Beth Holmes v. State of Vermont (June 21, 2012)

Categories: Workers' Compensation Hearing DecisionTags: , , , , , , , , , Author:

Beth Holmes v. State of Vermont (June 21, 2012)
STATE OF VERMONT
DEPARTMENT OF LABOR
Beth Holmes Opinion No. 18-12WC
v. By: Phyllis Phillips, Esq.
Hearing Officer
State of Vermont
For: Anne M. Noonan
Commissioner
State File No. AA-00186
OPINION AND ORDER
Hearing held in Montpelier on April 9, 2012
Record closed on April 24, 2012
APPEARANCES:
Beth Holmes, pro se
William Blake, Esq., for Defendant
ISSUES PRESENTED:
1. Has Claimant reached an end medical result for her compensable July 2008 work injury and if so, when did this occur?
2. Are Claimant’s cervical spine complaints causally related to her compensable July 2008 work injury and if so, to what workers’ compensation benefits is she entitled?
3. Did Claimant willfully make a false statement or representation for the purpose of obtaining a workers’ compensation benefit, in violation of 21 V.S.A. §708(a)?
EXHIBITS:
Joint Exhibit I: Medical records
Defendant’s Exhibit A: Curriculum vitae, Nancy Binter, M.D.
Defendant’s Exhibit B: Curriculum vitae, Richard Levy, M.D.

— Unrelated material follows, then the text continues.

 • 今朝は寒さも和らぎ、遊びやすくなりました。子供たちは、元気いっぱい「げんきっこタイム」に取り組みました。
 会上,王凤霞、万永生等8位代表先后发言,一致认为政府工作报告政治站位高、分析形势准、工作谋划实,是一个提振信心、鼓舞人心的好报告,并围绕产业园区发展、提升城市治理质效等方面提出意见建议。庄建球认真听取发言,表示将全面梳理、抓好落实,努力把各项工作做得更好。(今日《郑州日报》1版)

Defendant’s Exhibit C: Curriculum vitae, William Boucher, M.D.
Defendant’s Exhibit D: Independent Medical Evaluation Questionnaire
Defendant’s Exhibit E: Surveillance videos (2 DVDs)
Defendant’s Exhibit F: Deposition of Beth Holmes, February 3, 2010 (excerpted pages)
2
CLAIM:
Temporary total disability benefits pursuant to 21 V.S.A. §642
Medical benefits pursuant to 21 V.S.A. §640(a)
FINDINGS OF FACT:
1. At all times relevant to these proceedings, Claimant was an employee and Defendant was her employer as those terms are defined in Vermont’s Workers’ Compensation Act.

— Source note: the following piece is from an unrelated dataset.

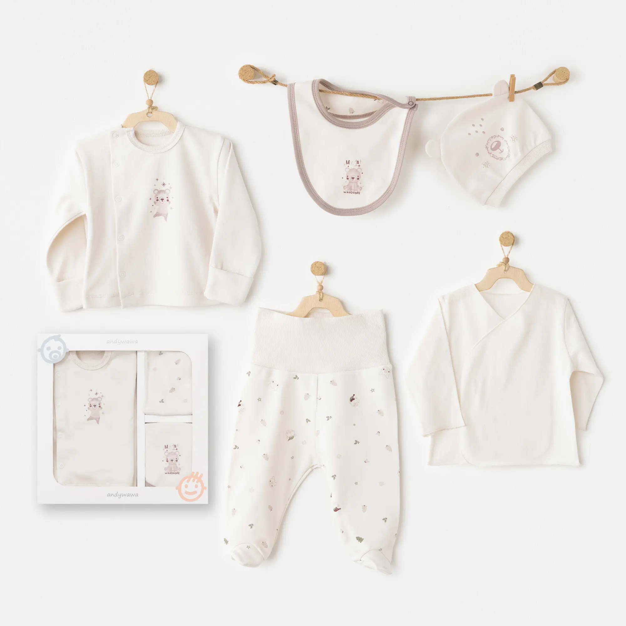 Andywawa AC26180 My 1 St Wardrobe 5'li Hastane ÇıkışıAndywawa bebek tekstil ürünleri, miniklerinizin konforunu ön planda tutacak şekilde tasarlanmıştır.Yumuşak dokusu ve nefes alabilen kumaşları sayesinde bebekleriniz gün boyu rahat eder.Ürünlerimizin dayanıklılığı ve uzun ömürlü olması için bakımına özen göstermek önemlidir.- 30°C’de hassas yıkama programında yıkanması önerilir.- Ağartıcı veya sert deterjan kullanmaktan kaçının.- Düşük ısıda ütüleyiniz; baskılı veya aplikeli bölgelerde direkt ütü temasından kaçının.- Kurutma makinesi düşük ısıda kullanılabilir veya doğal ortamda kurutulabilir.- Renklerin korunması için benzer renklerle yıkayınız.Andywawa ürünleri, hem şıklığı hem de bebeğinizin cildine dost yapısıyla günlük kullanıma uygundur.Doğru bakım ile ürünlerimiz uzun süre ilk günkü gibi kalır, miniklerinizin rahatlığı ve güvenliği her zaman önceliğimizdir.

2. Judicial notice is taken of all relevant forms contained in the Department’s files relating to this claim.
3. Claimant worked as a licensed practical nurse at Defendant’s Vermont Veterans’ Home. Her responsibilities included administering medications and other general duties.
4. On July 11, 2008 Claimant slipped and fell down the last two stairs of a stairway at work. As reflected in the contemporaneous medical records, Claimant reported that she grabbed the banister with her right hand and struck her left buttock and lower back on the stairs. She did not report striking her neck in the fall, nor did she report any complaints or injury referable to that area. To the contrary, she complained solely of low back pain, which her primary care physician, Dr. Friscia, diagnosed as a left buttock contusion. As treatment, Dr. Friscia prescribed narcotic pain medications and physical therapy.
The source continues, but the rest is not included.